[[ SUPPLIED ENTRIES, beginning ]]
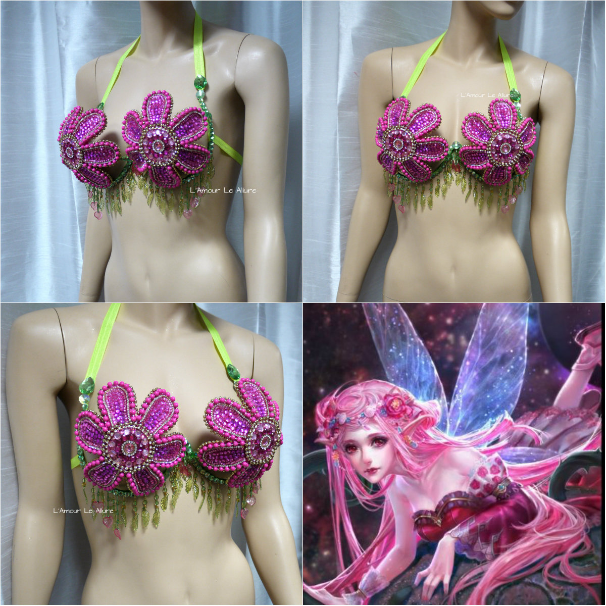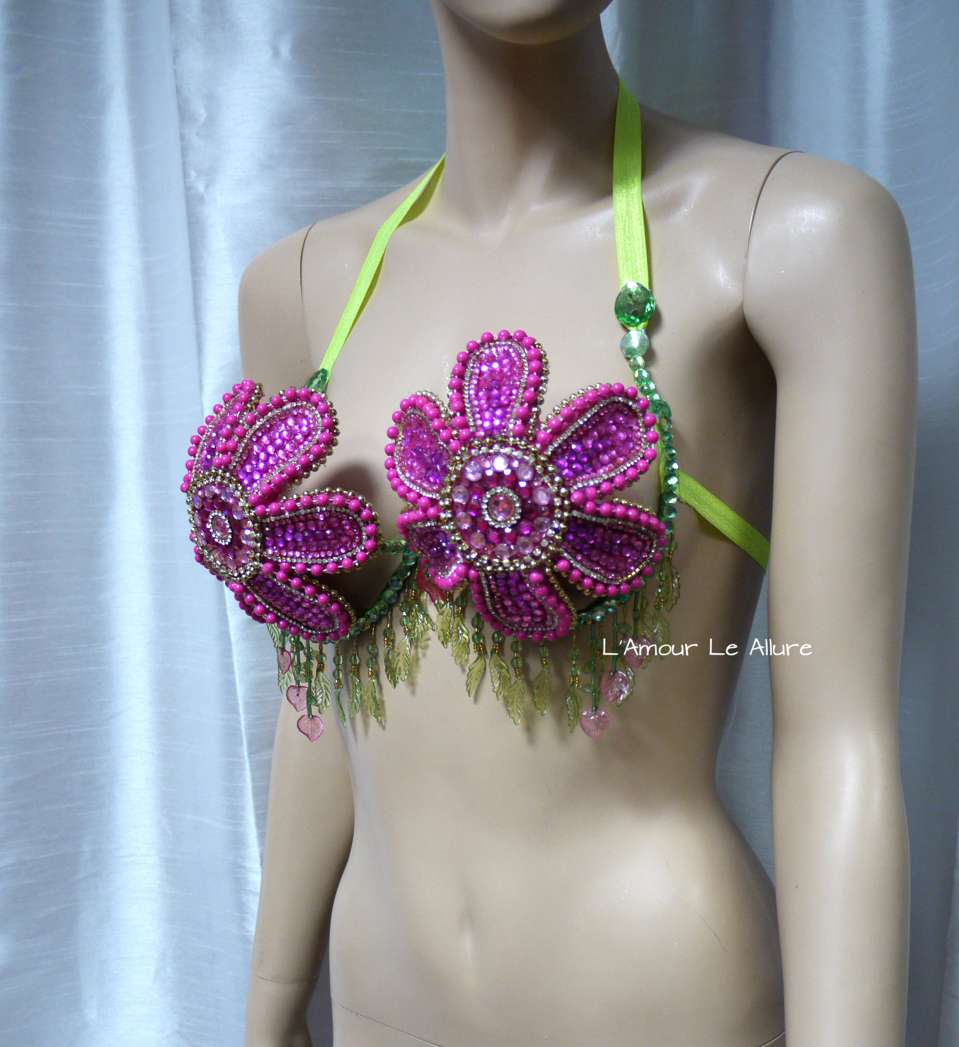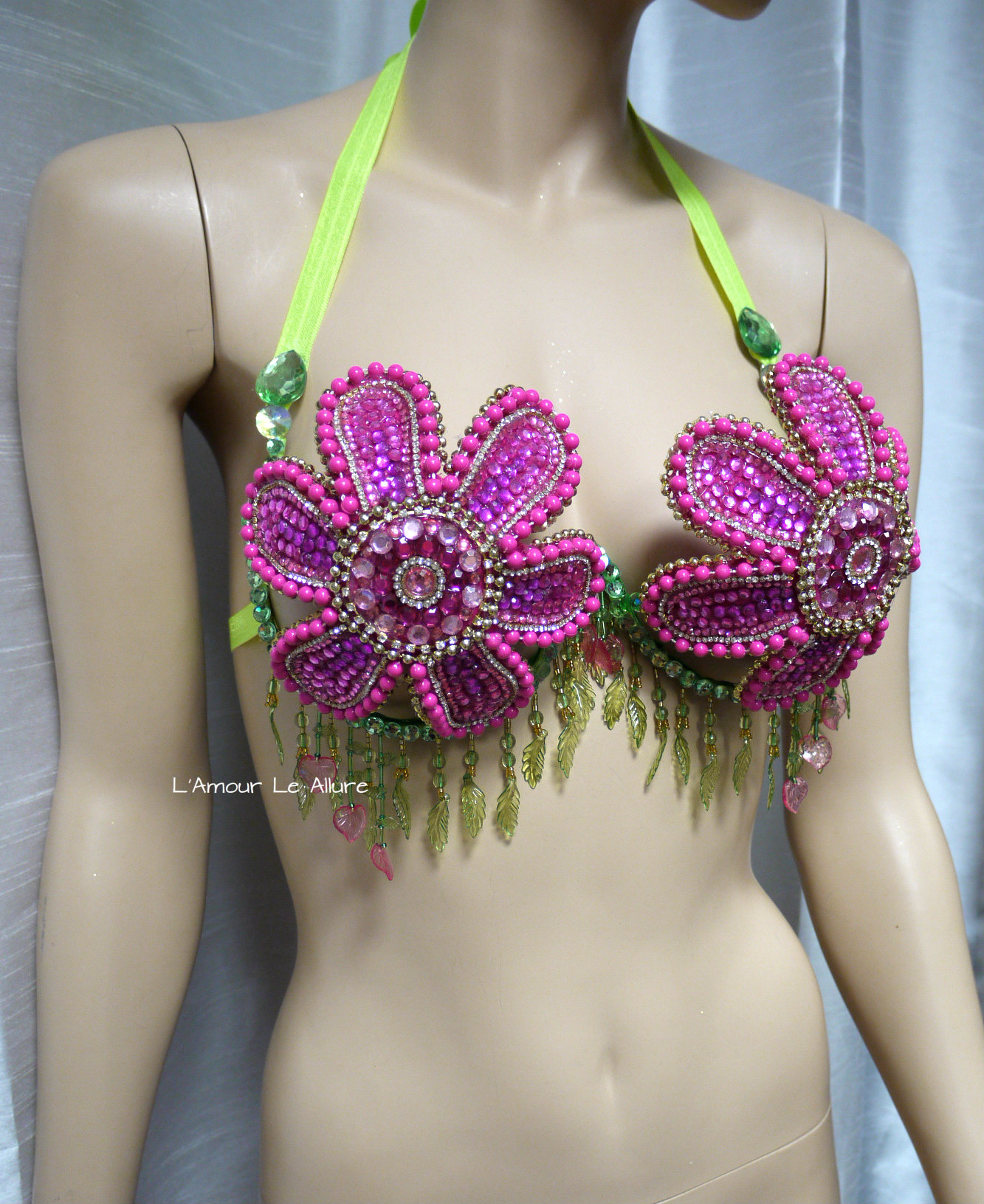 Pink Flower Daisy Samba Bra Dance Costume Cage Rave Bra Halloween
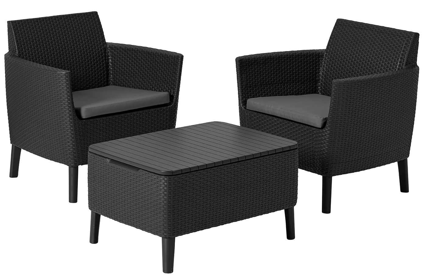 Элегантное дополнение к любому жилому пространству на открытом воздухе. Комплект Салемо включает два стула и один стол для хранения, все они сделаны из прочного, всепогодного пластика, которая может похвастаться стильной плетеной текстурой и гладкой фактурной столешницей. Кресла оснащены мягкими подушками, которые помогут вам расслабиться стильно и с полным комфортом. Набор идеально подходит для компактных помещений, легкий и простой в сборке.
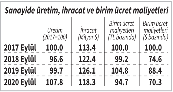 Son üç yılda sanayi üretim ve ihracatı özet olarak yerinde saymıştır. Sanayi üretiminde bu yılın eylül ayındaki görece artış, sürdürülebilir bir büyüme hamlesinden ziyade, pandemi koşullarında önce kısıtlanan, sonra birdenbire açılan ulusal ekonominin iniş çıkışlı dalgalanmalarına ve birim ücret maliyetlerindeki çöküşe bağlanmalıdır.
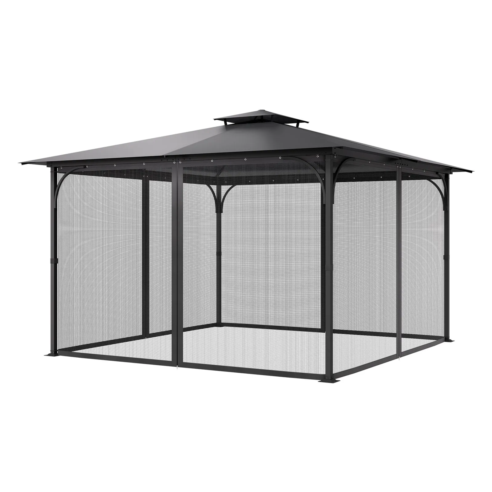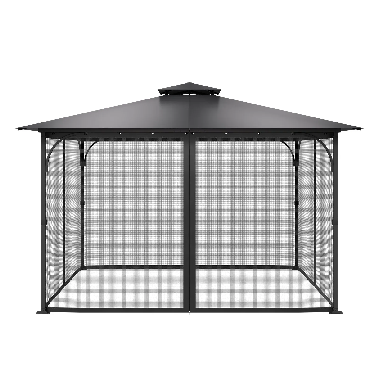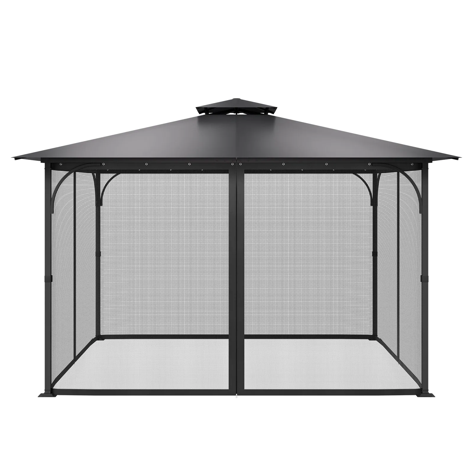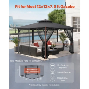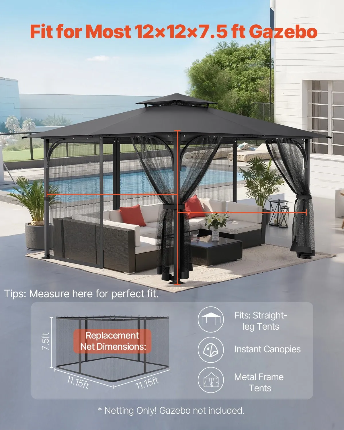 This replacement gazebo netting measures 11.15 (L) x 11.15 (W) x 7.41 (H) ft / 340 x 340 x 226 cm, and fits most rectangular or square gazebos with a post-to-post spacing of 11.48 ft (L) x 11.48 ft (W) / 350 x 350 cm, including straight-leg canopies, pop-up tents, pavilions, and wrought-iron tents. The net includes four zippered mesh side panels that cover all four sides of the gazebo.
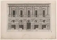 Композиция Палаццо Видони-Каффарелли, как и в Палаццо Каприни, строится на контрасте массивного первого этажа с эффектной рустовкой и облегчённых второго и третьего ярусов с пилястрами тосканского ордера (ранее на втором ярусе имелись полуколонны). Здание увенчано массивным карнизом. Ордерные членения по горизонтали и вертикали в целом уравновешены. Такая композиция в дальнейшем получила широкое распространение не только в Италии, но и во всей европейской архитектуре классицизма[6].
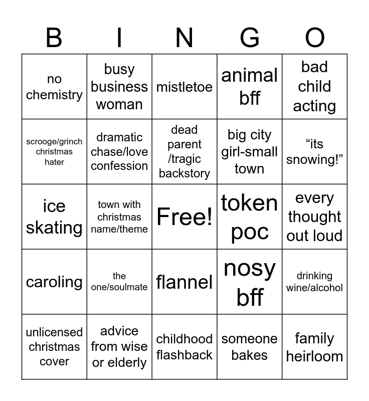 This bingo card has a free space and 24 words: the one/soulmate, advice from wise or elderly, dead parent /tragic backstory, unlicensed christmas cover, bad child acting, no chemistry, scrooge/grinch christmas hater, busy business woman, token poc, flannel, big city girl-small town, ice skating, nosy bff, drinking wine/alcohol, dramatic chase/love confession, someone bakes, every thought out loud, mistletoe, “its snowing!”, town with christmas name/theme, family heirloom, caroling, animal bff and childhood flashback.
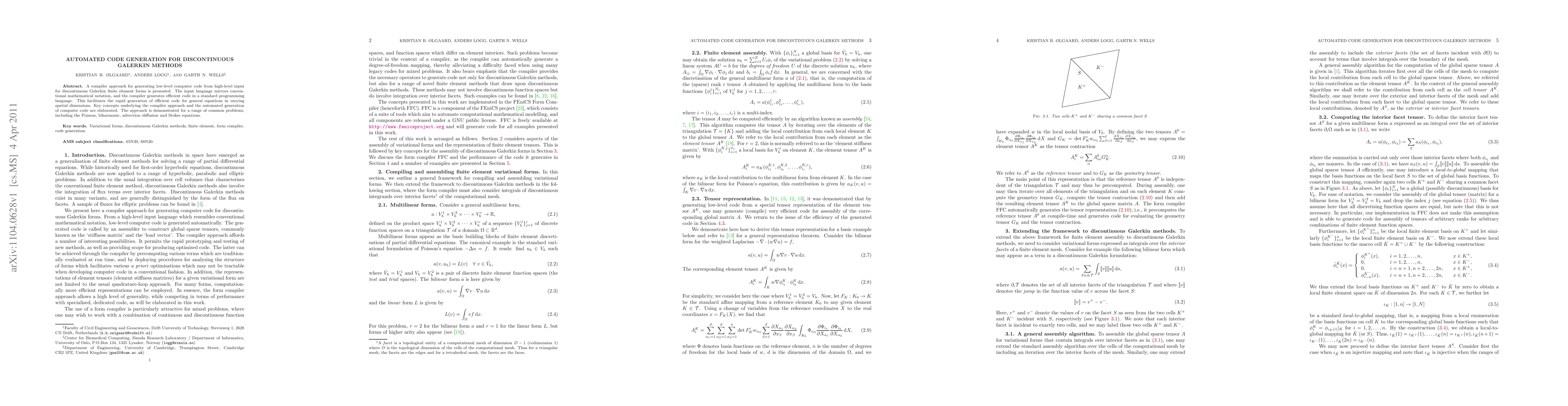 A compiler approach for generating low-level computer code from high-level input for discontinuous Galerkin finite element forms is presented. The input language mirrors conventional mathematical notation, and the compiler generates efficient code in a standard programming language. This facilitates the rapid generation of efficient code for general equations in varying spatial dimensions. Key concepts underlying the compiler approach and the automated generation of computer code are elaborated. The approach is demonstrated for a range of common problems, including the Poisson, biharmonic, advection--diffusion and Stokes equations.
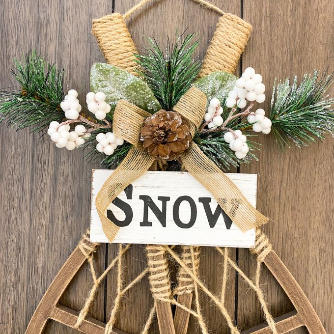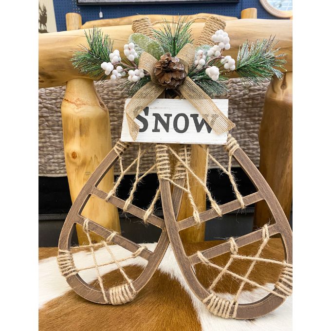 Snowshoes are a fun way to decorate and this cute pair will add the rustic Christmas touch you are looking for. These stylized snowshoes have a pretty floral swag on the top along with a SNOW sign. Keep this pair of snowshoes up all winter long.
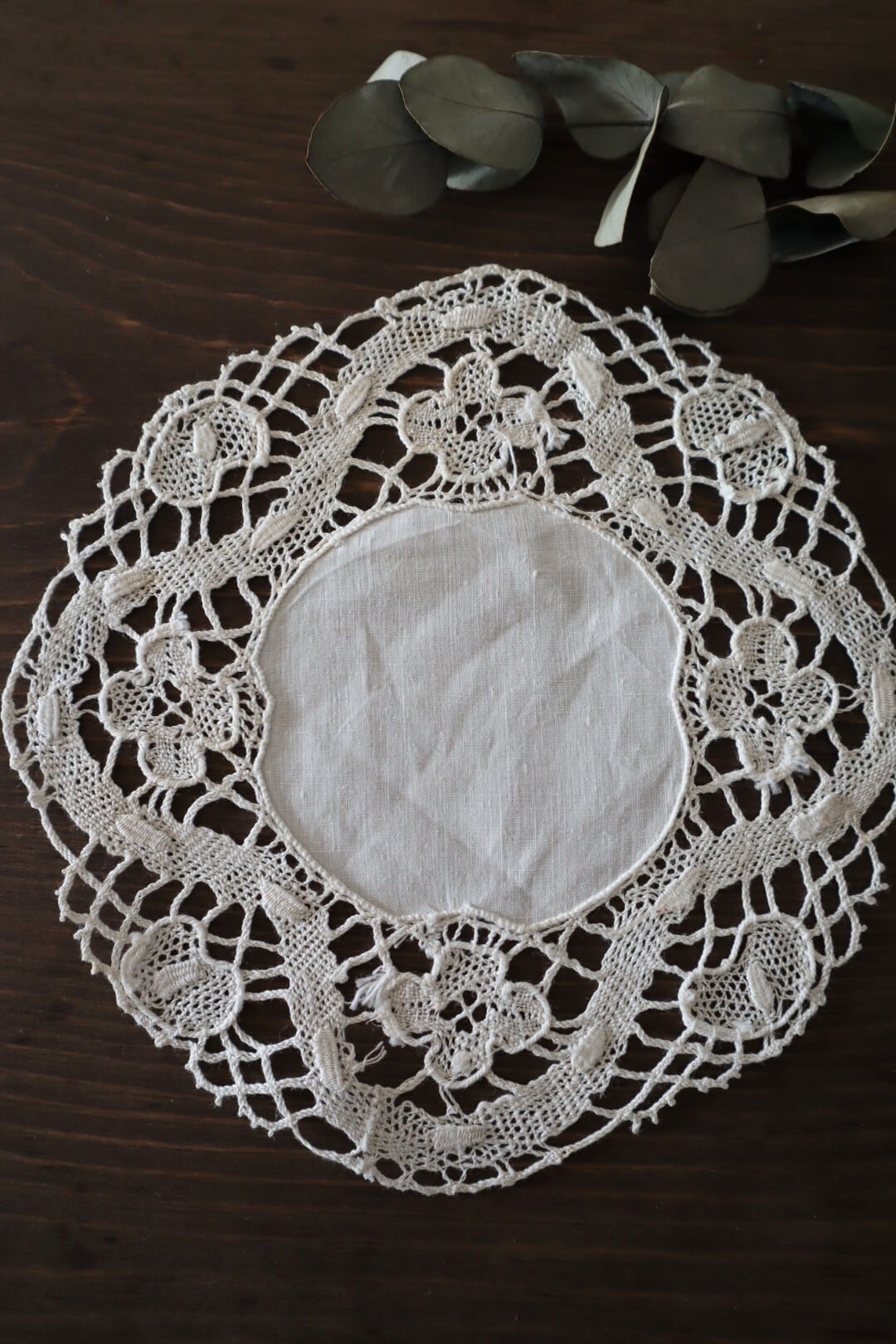 リネン地にクロッシェレースをあしらった丸形ドイリーです。
[[ SUPPLIED ENTRIES, end ]]
TASK TO COMPLETE: The lines from the one that contains "Snowshoes are a" through the end of the data, repeated exactly and with no pictures, make up the whole answer.

TASK RESULT:
 Snowshoes are a fun way to decorate and this cute pair will add the rustic Christmas touch you are looking for. These stylized snowshoes have a pretty floral swag on the top along with a SNOW sign. Keep this pair of snowshoes up all winter long.
 リネン地にクロッシェレースをあしらった丸形ドイリーです。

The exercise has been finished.